Thursday, July 14, 2011

Serves Congress Right!



Everyone's heard about Roger Clemons, Steroids, and Congress.

The judge presiding over Clemon's perjury trial declared a mistrial on Day 2. The prosecution ignored the judge's order, and presented evidence to the jury that had been ruled inadmissable. This was either gross incompletence on the prosecutor's part, or they did it on purpose to end this sham of a trial. I don't know which ... we'll see when the government decides whether to retry the Rocket.

I don't know if Clemons did steroids or not. Probably so, given what we've heard. I don't care. It's up to MLB to deal with this, if they care to. It's up to the appropriate law enforcement agencies to file charges against Clemons if he is accused of anything specifically illegal involving steroids.

My question is why the hell was Congress involved?

The answer is the Spanish Inquisition mentality that Rep. Henry Waxman (D-CA) took with his precious committee chairmanship, given to him by Nancy Pelosi after Dems took control of Congress in 2006. Waxman went through a laundry list of people and organizations he wanted to attack, and he used his position and committee to do it with.

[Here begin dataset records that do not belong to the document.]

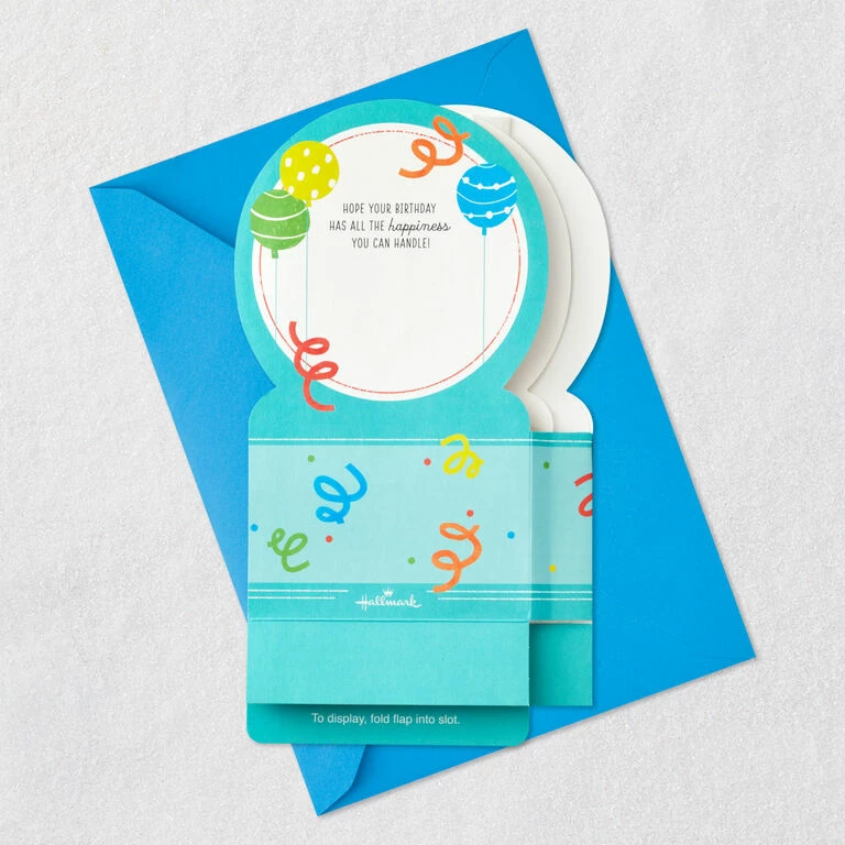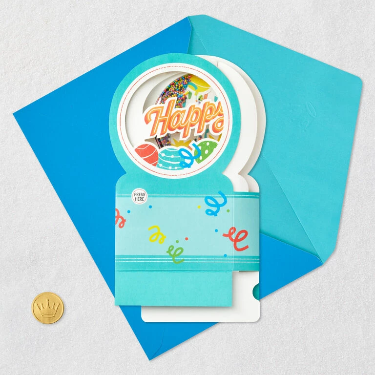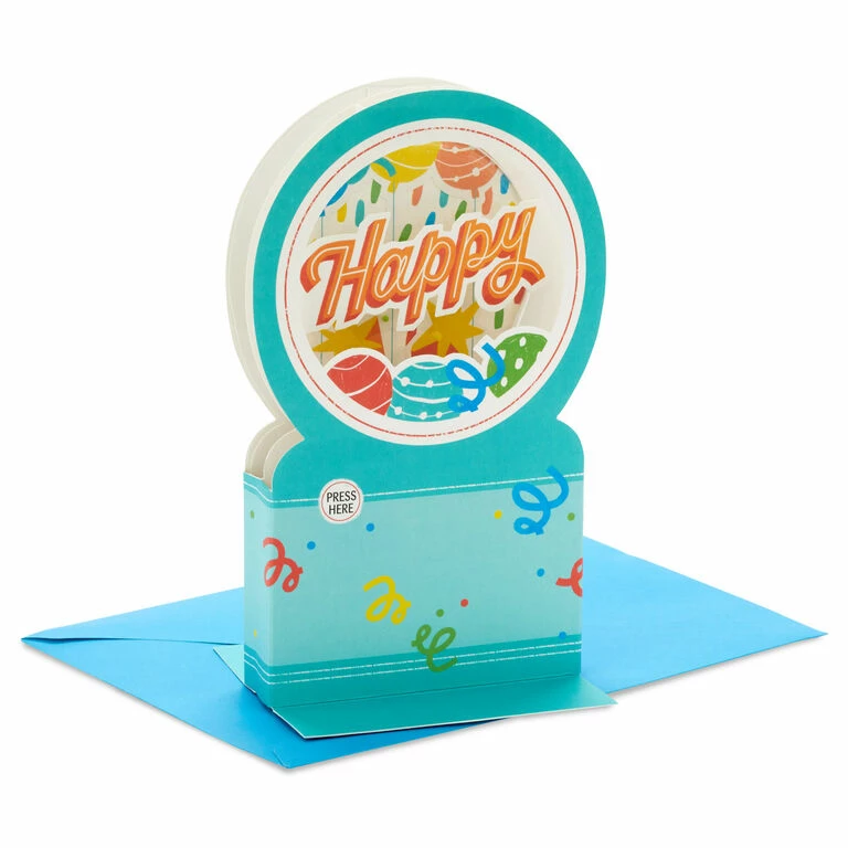 Pop-up birthday greeting card features a laser-cut, dimensional scene of colorful balloons and a “Happy” message inside of a 3D molded plastic snow globe-style design. Musical card plays a fun instrumental version of “Happy Birthday” while confetti blows inside when button on front is pressed. Simply unfold the card to create a fun surprise—no assembly required—that can be displayed on any tabletop. When open for display, 3D pop-up card measures approx. 7.25″ H.
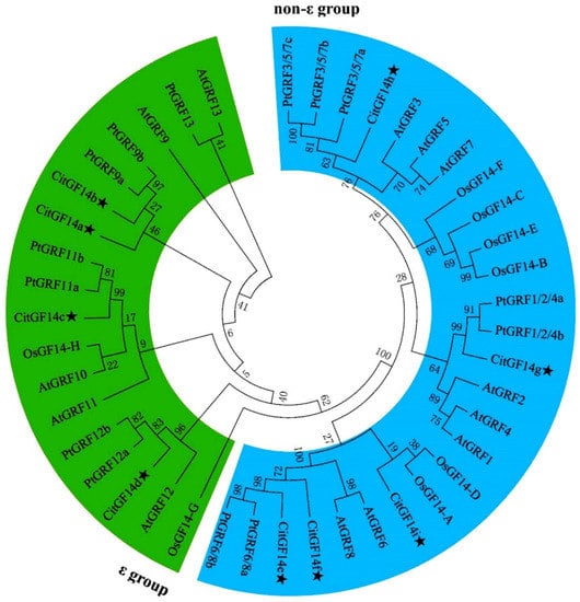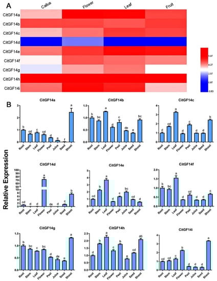 3.2. CitGF14s Were Differentially Expressed in Various Organs of Citrus
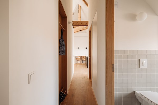 Een mezzanine met kast en trap zijn als één geheel ontworpen en uitgevoerd in eikenfineer. Het meubelstuk steunt op de draagmuur enerzijds en hangt aan de dakconstructie anderzijds. Zo ontstaat een slaapkamer dat zich nestelt als een klein huisje in de nok van het dak. Omdat er geen ondersteuning nodig in het zitgedeelte van de woonkamer, blijft de ruimte open en luchtig. De mezzanine bestaat uit een eenvoudig balkenplafond dat bijdraagt aan een knusse zitruimte eronder. Gaten in het plafond ter ventilatie van het bovenliggende matras dragen tevens bij aan de compositie met de balken.
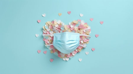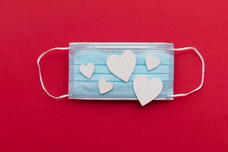 Valentines day background with surgical mask and white love hearts
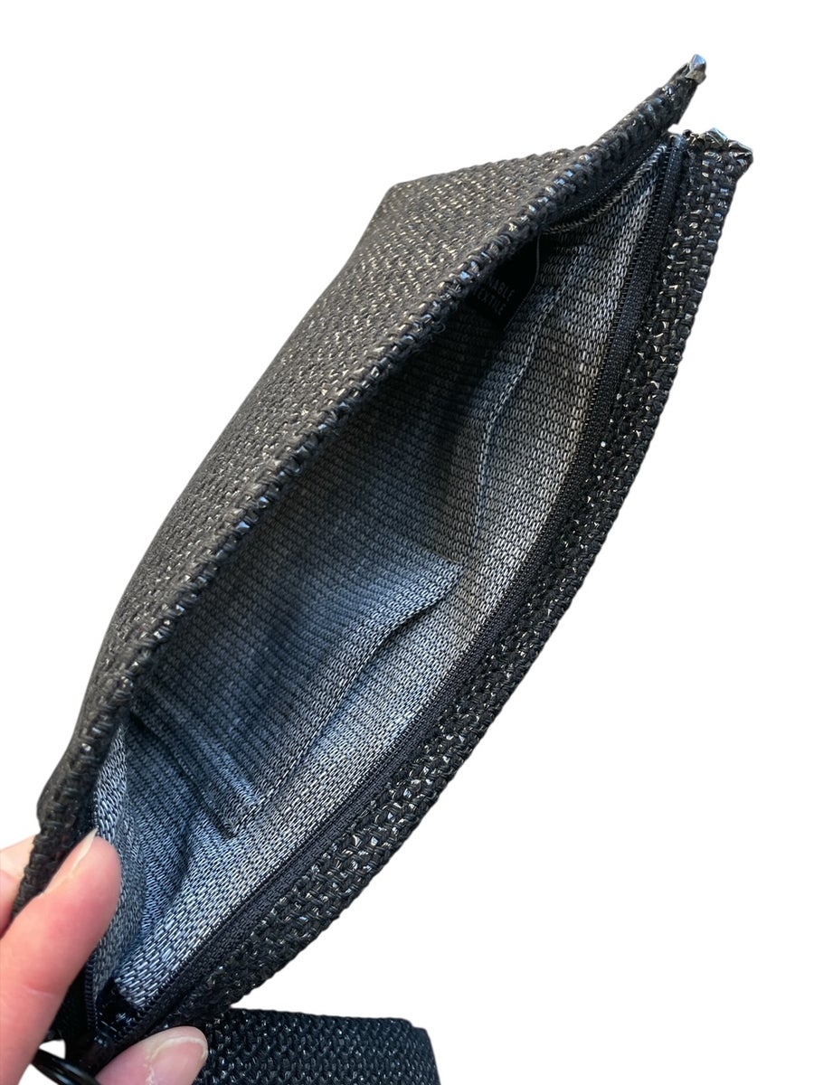 Kaunis, kevyt ja kimaltava pikkulaukku joka loistaa ranteessa kuin tuhannen ja yhden yön tarinat. Helposti mukana kulkevien kevyiden Pisa Fabric –laukkujen sisältä löytyy kaksi avointa sivutaskua. Materiaalin loiste tulee vanhoista videonauhoista, jotka on käsin kudottu pellavan ja puuvillan kanssa kestäväksi kankaaksi. Laukussa on vetoketjusuljin ja sen päässä rannehihna samasta kimaltavasta kankaasta tehtynä.
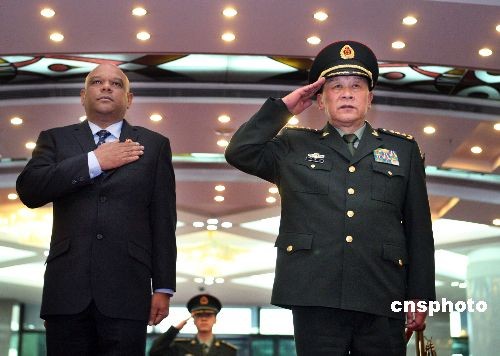 2月19日,國(guó)務(wù)委員兼國(guó)防部長(zhǎng)梁光烈上將在北京八一大樓會(huì)見來訪的馬爾代夫國(guó)防與國(guó)家安全部長(zhǎng)費(fèi)薩爾一行。中新社發(fā) 宋吉河 攝
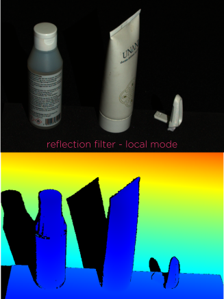 如果场景中有反射对象,请使用SDK 2.7中提供的反射过滤器的Local Mode。如果您的场景不是反射式的,或者如果您无法将SDK升级到2.7版,请关闭反射过滤器。另一种选择是旋转对象或相机,使对象在彩色图像中显示为水平。
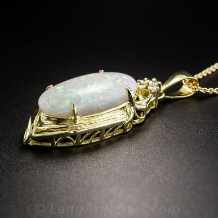 Pretty pastel colored confetti glows within this enchanting, elongated oval white opal presented in gleaming 18K yellow gold, crowned with a sparkling diamond-set quatrefoil design. A tastefully tailored contemporary design. 1 1/2 inches, 18 inch chain, the opal weighs 5.50 carats.
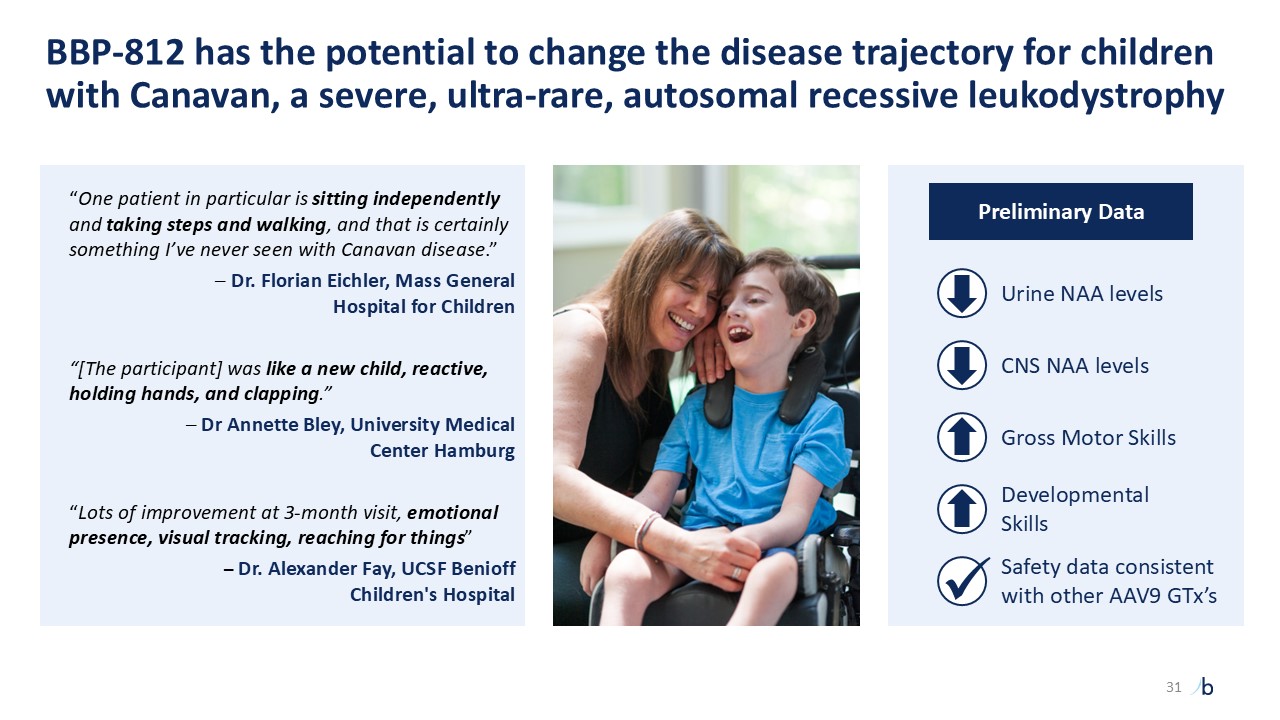 BBP-812 has the potential to change the disease trajectory for children with Canavan, a severe, ultra-rare, autosomal recessive leukodystrophy   “One patient in particular is sitting independently and taking steps and walking, and that is certainly something I’ve never seen with Canavan disease.”   – Dr. Florian Eichler, Mass General Hospital for Children  “[The participant] was like a new child, reactive, holding hands, and clapping.”    – Dr Annette Bley, University Medical Center Hamburg  “Lots of improvement at 3-month visit, emotional presence, visual tracking, reaching for things”   – Dr. Alexander Fay, UCSF Benioff Children's Hospital    Safety data consistent with other AAV9 GTx’s  Urine NAA levels  Preliminary Data  CNS NAA levels  Gross Motor Skills  Developmental Skills
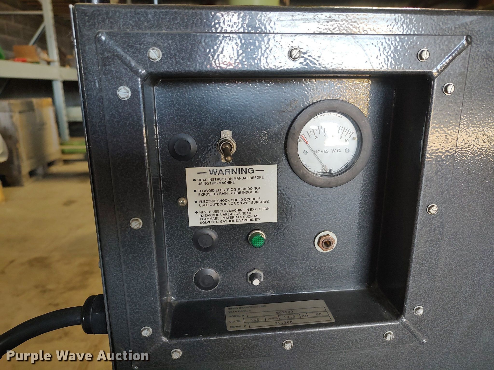 Purple Wave is selling a used Appliances in Kansas. This item is a Nikro Industries duct cleaner with the following: Model: EC2500, Serial: 311260, Volts: 115, HEPA filtered
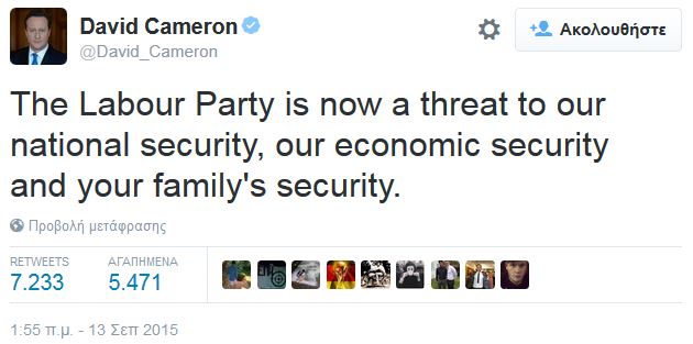 “Οι Εργατικοί συνιστούν τώρα απειλή για την εθνική μας ασφάλεια , την οικονομική μας ασφάλεια και την ασφάλεια της οικογένειάς σας”, έγραψε ο Κάμερον στον λογαριασμό του στο twitter.
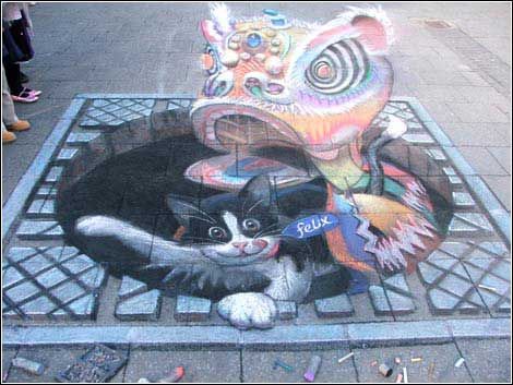 這讓我們發現了一件事,原來,我們的眼睛,也是會上當的啊!Julian Beever充分運用了人們視覺上的弱點,運用透視學,結合繪畫原本要呈現的角度,創造了一個又一個的驚奇,人們奉他為街頭視覺的魔術師。
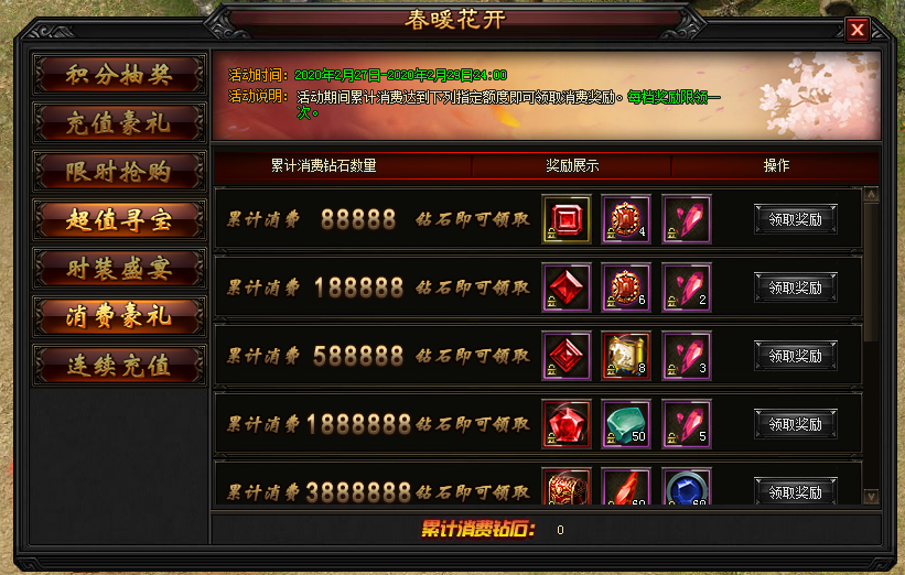 6.2 活动期间内,累计消费钻石达到固定数即可领取对应的奖励,每档奖励限领一次。
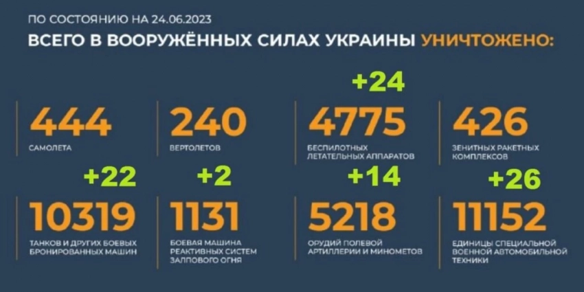 Фронтовая сводка, новости спецоперации к утру 25 июня 2023 г.
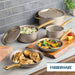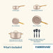 These statement-making pots and pans radiate style, with a contemporary champagne-colored surface inside and out, color-matched lids, and sleek gold-colored stainless steel handles that are the ultimate on-trend accents. Beyond good looks, this cookware delivers superior performance for everyday reliability, supported by more than 120 years of Farberware’s trusted quality. Features include a durable nonstick cooking surface for super smooth food release and easy cleaning; aluminum construction for fast, even heat distribution, and flared rims on saucepans and Dutch oven for mess-free pouring. They’re also dishwasher safe and oven safe to 350 degrees F, and the set includes four essential cooking tools from Prestige. Elevated designs, everyday performance, trusted quality.

His tactic was to drag people in to testify on a given subject, and then try to trap the poor suckers into saying something wrong. First thing you know, the 'criminal' is being hauled up on perjury charges for lying to Congress. Didn't matter if the subject was actually accused of committing a crime, Waxman worked them around into a position where he could charge them.

All Waxman did was cause a lot of people trouble, and waste a lot of Congress' time and taxpayer's money carrying out his personal vendettas. It was a gross abuse of power, and a textbook example of official oppression. He ought to be hauled in front of a judge and jury, and found guilty of stealing from the American public.

How many millions of our dollars have been wasted on this? Three years of investigations, 100 law enforcement officers involved, ruining a man's finances and reputation ... and for what? So the Waxman Inquisition can hang a skin on his wall?